Предыдущая глава |
↓ Содержание ↓
↑ Свернуть ↑
| Следующая глава |
— Леся, не высовывайся! — велел отец. — Отодвинься от окна.
Брат, готовый броситься в любое мгновение в атаку, достал из-за голенища сапога кинжал. Отец тоже не сплоховал, приготовив дубинку, припрятанную под скамьёй.
— Пошёл! — услышала чей-то повелительный голос снаружи, после чего карета тронулась.
Было страшно. Кто нас сейчас везёт? Неужели мы направляемся в логово к нападающим?
Глава 2
После нападения мы продолжали двигаться, что заставляло переживать смешанные чувства. Кто, что, зачем? Но по прибытии к нашему городскому дому, на сердце отлегло. Значит, ничего не случилось, и нас всё же кто-то защитил. Вот только кто? Но этим вопросом я не долго задавалась, решив не накручивать себя. Ничего ведь не произошло, значит — всё в порядке. Про то, что видела в окно, я никому не сказала. Зачем заставлять их волноваться? Просто какая-то заминка произошла, мы ведь даже не остановились. Мало ли что в темноте показалось кучеру. А уж о своих впечатлениях я старалась молчать, потому как спишут наверняка на потрясение после похорон.
Неделю спустя к себе в кабинет меня вызвал батюшка, посчитав, что первое потрясение, связанное с кончиной моего жениха, уже прошло. Я думала, что речь зайдёт о нападении на карету, ведь всё это время ни словом не обмолвился никто и мне уже начинало казаться, что это всё моё воображение, которое подтолкнул недавно подслушанный на погосте разговор. Вот только речь зашла о другом. Об Ипполите Николаевиче. И пусть союз наш не был признан перед Богом, от наследства отказываться не стоило. Это вызвало во мне волну негодования, ведь тут даже уважение к человеку получается не испытывал он. Как можно говорить о деньгах, если только-только похоронили человека. Ну не испытывала я к нему ничего, но тут с трудом подавила свои чувства и прикусила язык. Как пояснил отец, юридически договор начинал действовать с момента подписания, и мои клятвы в церкви не играли никакой роли для вступления в силу документов, ведь договор был заключён от имени опекуна, коим являлся мой отец.
Также батюшка поставил меня в известность о завещании, составленном незадолго до кончины Ипполита Николаевича на меня с девичьей фамилией, разве что после подписания договора, я величалась его супругою.

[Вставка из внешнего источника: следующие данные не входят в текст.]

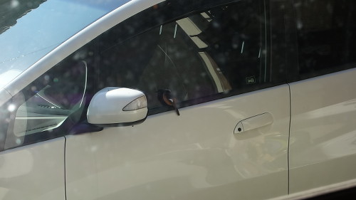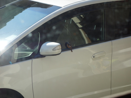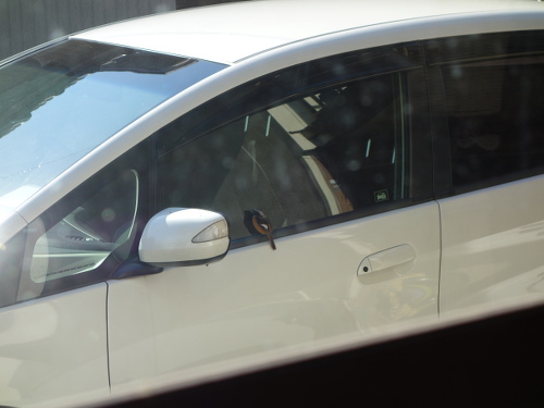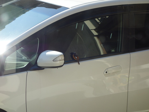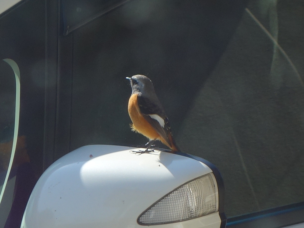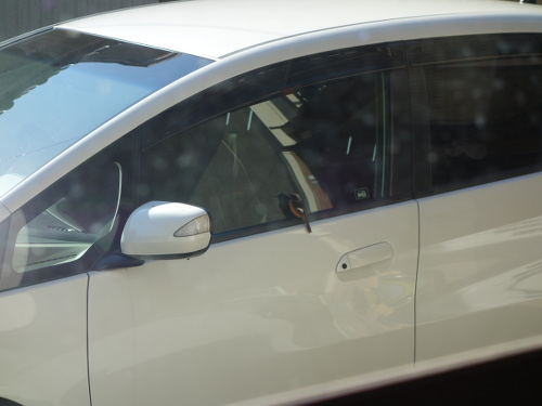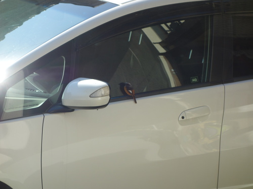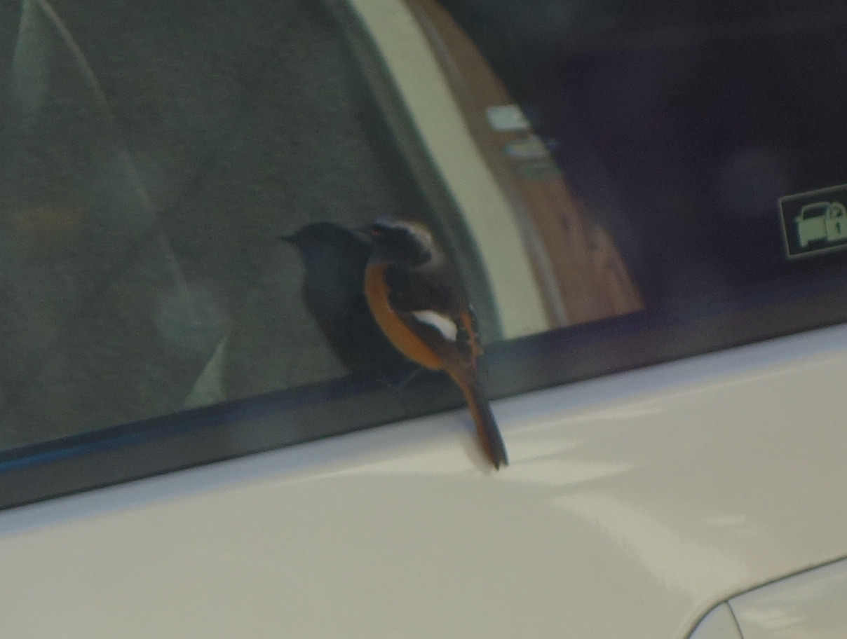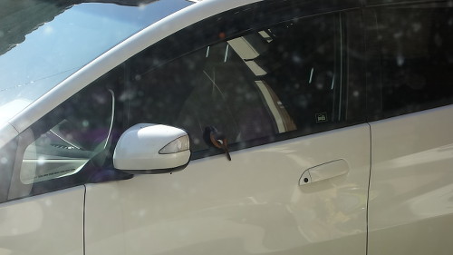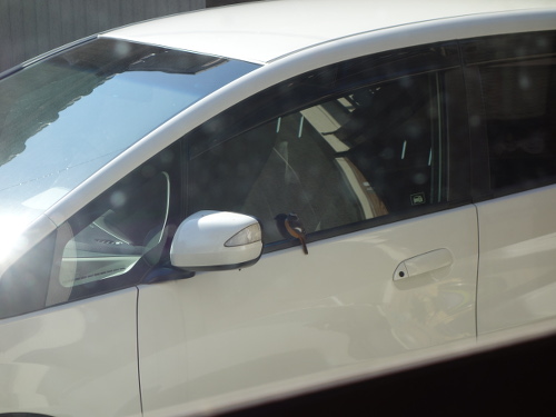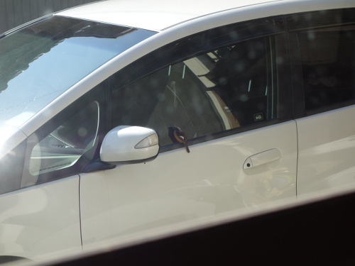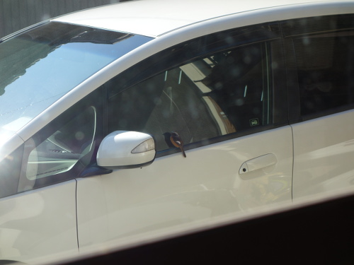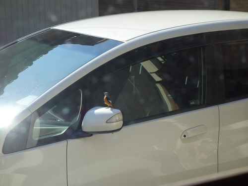 このジョウビタキ、車のガラスで自分の姿を仲間と思っていたのかもしれません。車のガラスに映っているのは自分なのに、さすがにそれはわからないでしょう。背後の家の中からガラス越しにデジカメを通して見ている私の気配にも気付いていたのかもしれませんが、もし窓が開いていたらすぐに気付いて逃げていたでしょう。一度は飛び去ろうとしてサイドミラーに飛び移ったのですが、また戻りました。やはり興味があったのでしょう。結局3分ほど滞在して飛び去りました。私が見ていなかったらもっと長くいたかもしれません。ちなみに飛び去ったあとには糞が残っていました。これで運(うん)がつきました。

— Милая, пойми, Ипполит Николаевич, мой глубокоуважаемый наставник, умирал. Годы всё же взяли своё да и проявившаяся в последние месяцы странная болезнь заставили его срочно искать возможность обезопасить свой капитал и особо замечательную коллекцию древностей, — увещевал батюшка, на прорвавшееся, наконец, наружу моё негодование. Ведь за те две недели, что я ходила в невестах этого противного старика, мне так и не удалось поговорить об этом с ним.
Пока он говорил, во мне появлялись всё новые чувства, например, обида от поступка отца со мною и разочарование.
— Но почему именно я? — сдерживая слёзы, спросила и опустила очи долу.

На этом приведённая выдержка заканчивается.